[PR #492] [CLOSED] Feature: Pre-download images inside HTML content extracted by mercury parser #2699

New issue

Closed

opened 2026-03-01 18:00:28 +03:00 by kerem · 0 comments

kerem commented

2026-03-01 18:00:28 +03:00

Owner

📋 Pull Request Information

Original PR: https://github.com/ArchiveBox/ArchiveBox/pull/492
Author: @ttimasdf
Created: 9/27/2020
Status: ❌ Closed

Base: master ← Head: with-mercury-fulltext

📝 Commits (9)

ff880c2 feat: extract content from singlepage (WIP)
dc6d5c7 feat: Inline images while extracting
4a59ef1 fix: solved encoding issue and other common issues
c448b46 fix: output HTML encoding, wrong html input
ef36aec remove additional field
0f35a67 Revert "feat: Inline images while extracting"
87abb40 make mercury-extractor async everywhere
f102352 fix: remove unnecessary import
9926109 fix: add missing imports

📊 Changes

3 files changed (+145 additions, -11 deletions)

View changed files

📝 Dockerfile (+1 -1)
📝 archivebox/extractors/mercury.py (+35 -10)
➕ bin/mercury-extractor (+109 -0)

📄 Description

Summary

This PR added a feature that makes mercury parser somewhere alike readability, but implemented from a different approach. It inline all images into data:base64,**** form, make the output fully (or partially?) self-contained.

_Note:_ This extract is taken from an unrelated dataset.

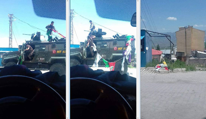Başkale ilçe merkezine asılan HDP flamaları zırhlı araçlı polisler tarafından sökülerek çöpe atıldı. Van'ın Başkale ilçesinde asılan HDP flamaları zırhlı bir aracın içerisinden çıkan özel harekat polisleri tarafından söküldü. Kullandıkları zırhlı aracın üzerine çıkan polis, yol boyunca asılan HDP flamalarını tek tek indirerek çöpe attı.

For this moment, readability extract content from ./singlepage.html variant of archived content. This could be less accurate in some special cases (e.g. the article I mentioned #478 https://bbs.pediy.com/thread-229215.htm) because the HTML is different from original, and the inlined style/media may become a noise. This parser instead find content from ./output.html which is exactly the same as browser seen, yielding more accurate results. Personally I think it could be a supplement to readability parser, not a replacement.

However, some of the media contained (mostly images that I care about) still link to online website/CDN that may expire later, or blocked by hot link protection. This PR add a wrapper script for HTML post-processing, find and extract images from its original URL, and put back to HTML output with its base64-encoded form. It also added a <meta charset="UTF-8"> at the beginning of content to prevent garbling of non-ASCII content inside some browsers (at least Edge Chromium cannot display correctly both readability and mercury parser output).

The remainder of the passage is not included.